Levensloop[bewerken | brontekst bewerken]
Hij studeerde rechtsgeleerdheid aan de Universiteit in Leiden. Na zijn afstuderen vestigde hij zich als advocaat in Zwolle en oefende daar tot 1923 rechtspraktijk uit. In dit tijdperk vond hij naast zijn drukke werkkring als advocaat gelegenheid zijn werkkracht beschikbaar te stellen voor verschillende algemene en sociale bemoeiingen. Zo was hij mede-oprichter van de Openbare Leeszaal te Zwolle, bestuurslid van Pro Juventute, kantonrechter-plaatsvervanger, secretaris en plaatsvervangend voorzitter van het comité tot ontwikkeling en ontspanning van geïnterneerde militairen in Nederland, oprichter en voorzitter van de Burgerwacht te Zwolle.

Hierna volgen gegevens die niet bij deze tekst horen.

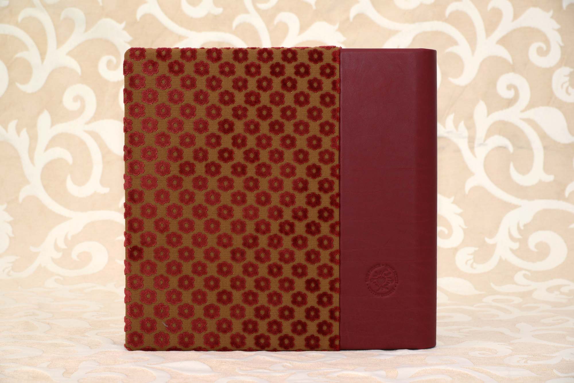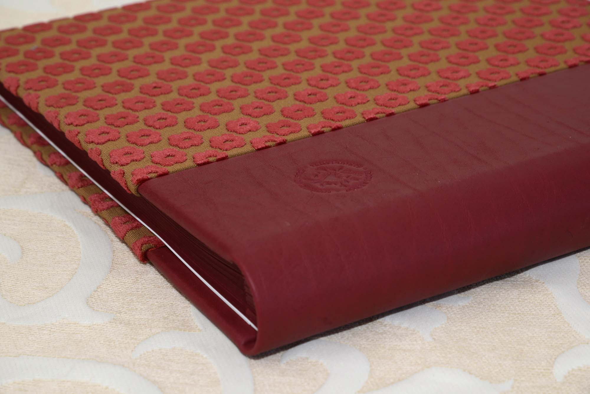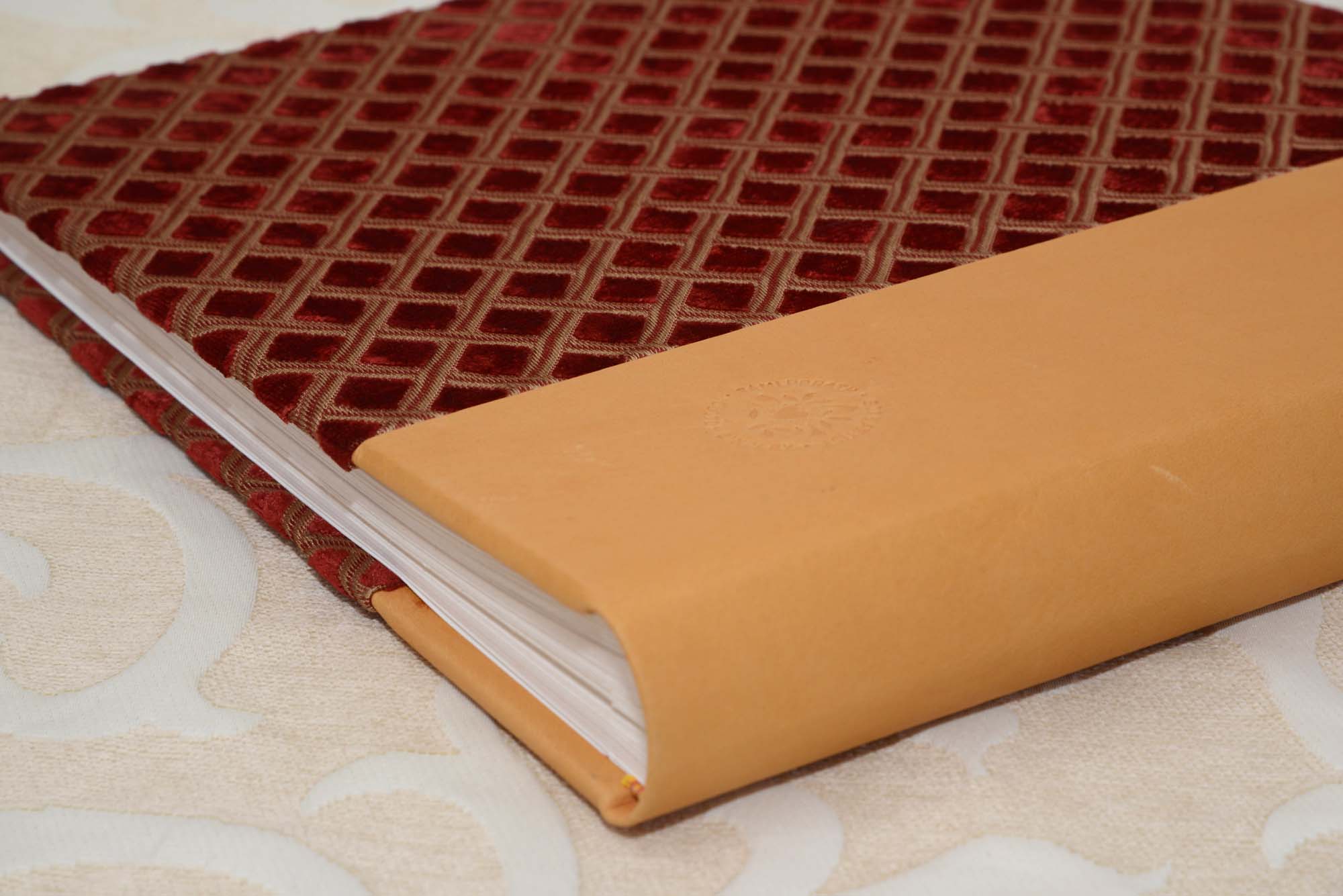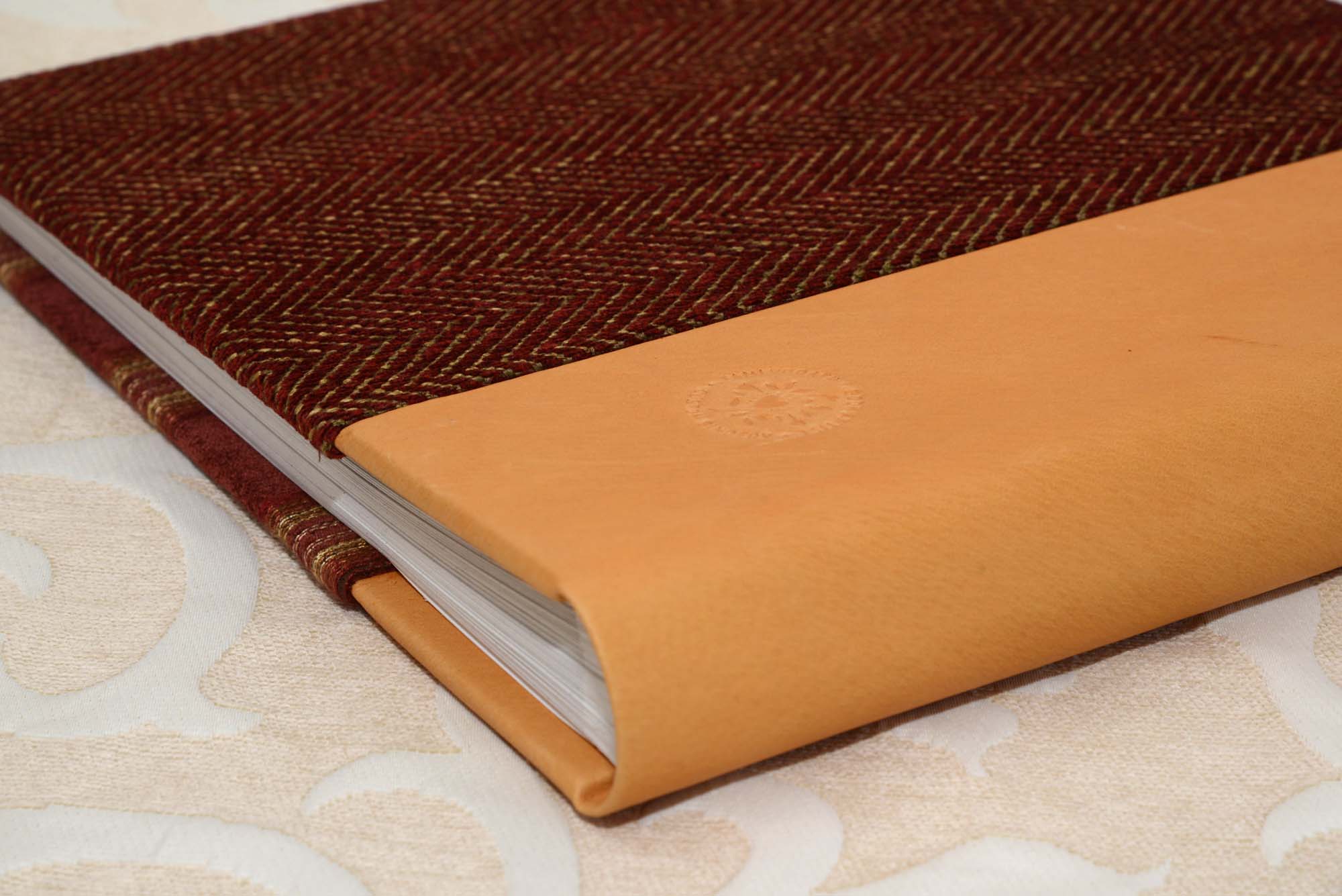 אלבום בורדו עם שידרה מעור צהוב, נייר לבן נוצץ ופרגמנט צהוב כמו השידרה

In 1923 vestigde hij zich te Arnhem: hij werd toen aan het A.K.U.-concern (destijds nog Enka) verbonden als secretaris van de directie. Na enige tijd werd hij opgenomen in het college van adjunct-directeuren. In 1929, bij een reorganisatie, trad hij af als adjunct-directeur en werd benoemd tot secretaris van de Raad van Commissarissen. In 1933 verwisselde hij deze functie met die van gedelegeerd commissaris en speciaal in deze hoedanigheid kon hij in de moeilijke jaren zijn reeds zo vruchtdragend werk voortzetten. Hij toonde steeds zijn belangstelling voor verschillende maatschappelijke en wetenschappelijke belangen. Hij was o.a. sinds vele jaren lid van de directie van de Hollandsche Maatschappij van Wetenschappen in Haarlem. Hij was ook commissaris in verschillende dochtermaatschappijen van het AKU-concern, terwijl hij ook lid was van de Raad van Arbeid te Arnhem en voorzitter van het schoolbestuur van de Arnhemse Schoolvereniging.[1].
Scouting[bewerken | brontekst bewerken]
Hij was troepleider (hopman) van een troep in Zwolle en districtscommissaris van Overijssel bij de Nederlandsche Padvindersorganisatie[2]. Bij de Nederlandsche Padvinders was hij afdelingssecretaris[3].